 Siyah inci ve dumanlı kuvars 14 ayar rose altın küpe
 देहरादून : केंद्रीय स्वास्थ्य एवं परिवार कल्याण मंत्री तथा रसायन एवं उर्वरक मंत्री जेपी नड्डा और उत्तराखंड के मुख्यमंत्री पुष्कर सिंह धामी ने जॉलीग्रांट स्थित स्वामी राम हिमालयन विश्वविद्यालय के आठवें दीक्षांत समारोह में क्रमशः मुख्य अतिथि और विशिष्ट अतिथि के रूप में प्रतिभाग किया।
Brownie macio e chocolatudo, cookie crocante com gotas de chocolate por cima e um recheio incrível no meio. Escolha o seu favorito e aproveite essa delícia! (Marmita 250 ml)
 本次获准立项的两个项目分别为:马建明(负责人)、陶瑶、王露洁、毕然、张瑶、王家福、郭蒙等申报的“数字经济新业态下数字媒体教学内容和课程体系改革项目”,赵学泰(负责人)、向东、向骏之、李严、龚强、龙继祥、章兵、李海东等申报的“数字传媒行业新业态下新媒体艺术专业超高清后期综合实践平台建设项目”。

--

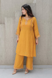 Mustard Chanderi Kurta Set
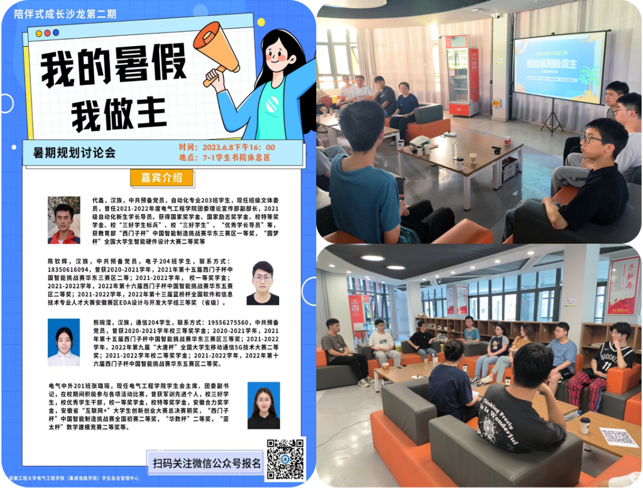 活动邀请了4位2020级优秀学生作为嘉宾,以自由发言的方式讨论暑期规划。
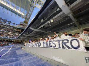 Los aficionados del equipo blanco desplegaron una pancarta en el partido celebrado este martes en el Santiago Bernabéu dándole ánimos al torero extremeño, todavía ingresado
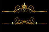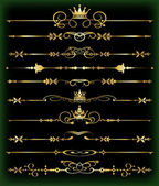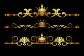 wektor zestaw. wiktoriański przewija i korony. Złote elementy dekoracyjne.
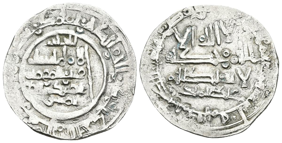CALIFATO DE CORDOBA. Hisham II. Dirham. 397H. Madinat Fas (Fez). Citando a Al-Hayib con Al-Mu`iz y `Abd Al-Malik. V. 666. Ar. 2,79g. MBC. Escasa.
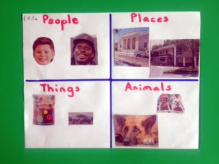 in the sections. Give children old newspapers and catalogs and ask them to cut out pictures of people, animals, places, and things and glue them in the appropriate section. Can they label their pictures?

* * *

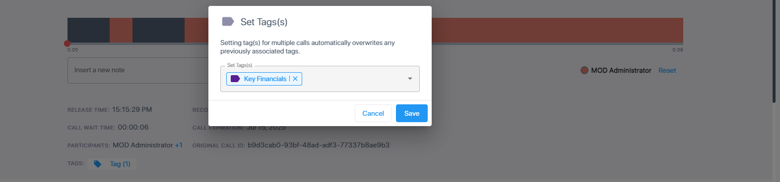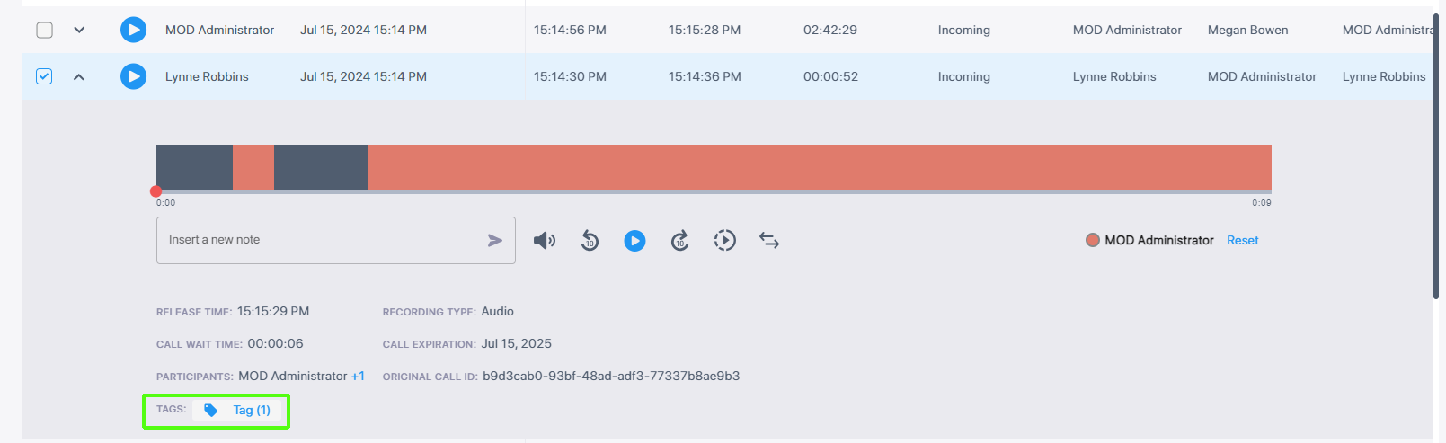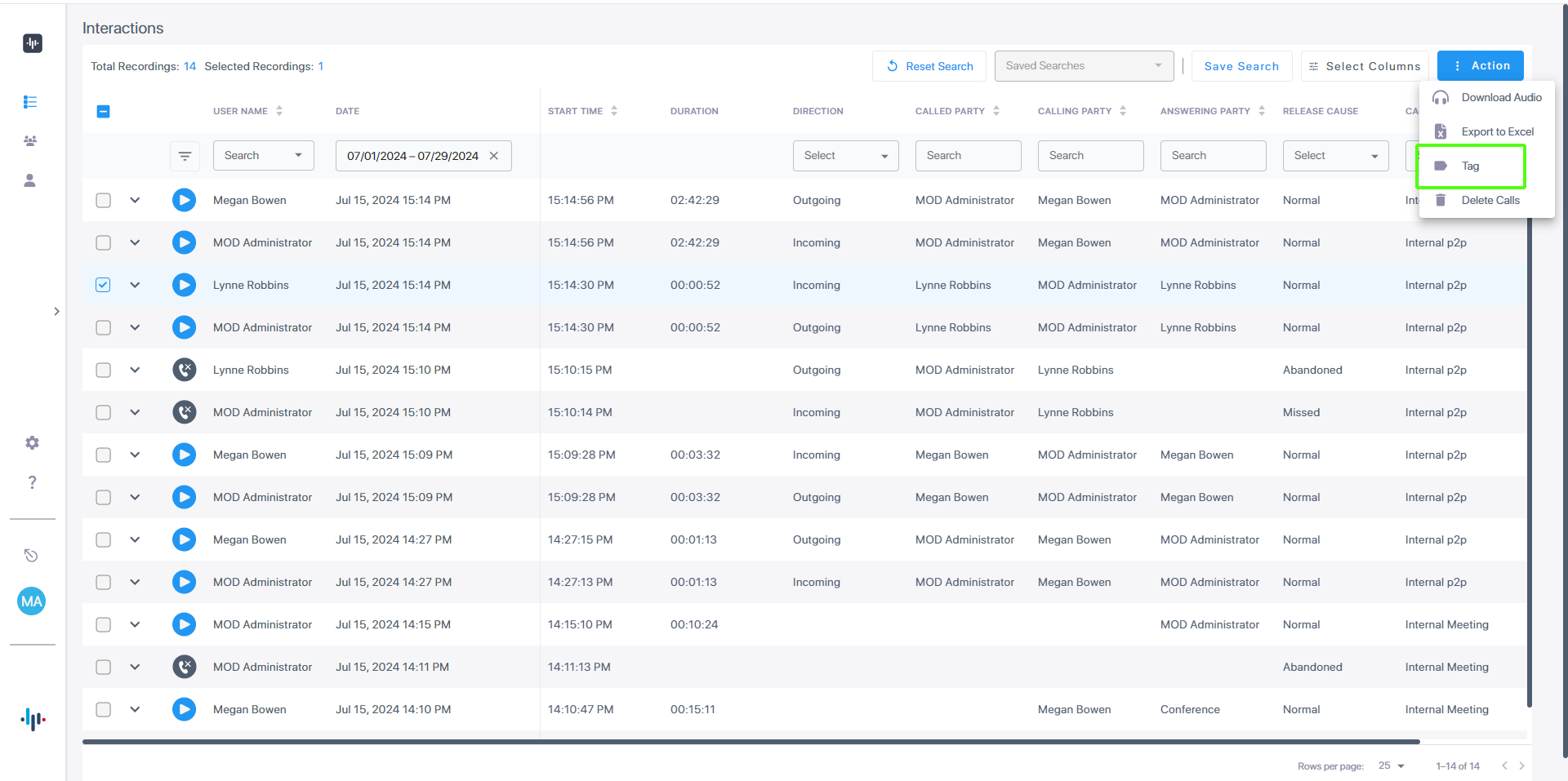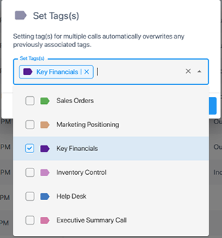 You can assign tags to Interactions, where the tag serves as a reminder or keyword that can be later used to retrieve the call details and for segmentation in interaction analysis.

_YOUR TASK:_
Using the records above, repeat exactly the run of lines that starts with the line with "wektor zestaw. wiktoriański" and goes on through the line with "in the sections."; omit each picture.

_EXERCISE SOLUTION:_
 wektor zestaw. wiktoriański przewija i korony. Złote elementy dekoracyjne.
CALIFATO DE CORDOBA. Hisham II. Dirham. 397H. Madinat Fas (Fez). Citando a Al-Hayib con Al-Mu`iz y `Abd Al-Malik. V. 666. Ar. 2,79g. MBC. Escasa.
 in the sections. Give children old newspapers and catalogs and ask them to cut out pictures of people, animals, places, and things and glue them in the appropriate section. Can they label their pictures?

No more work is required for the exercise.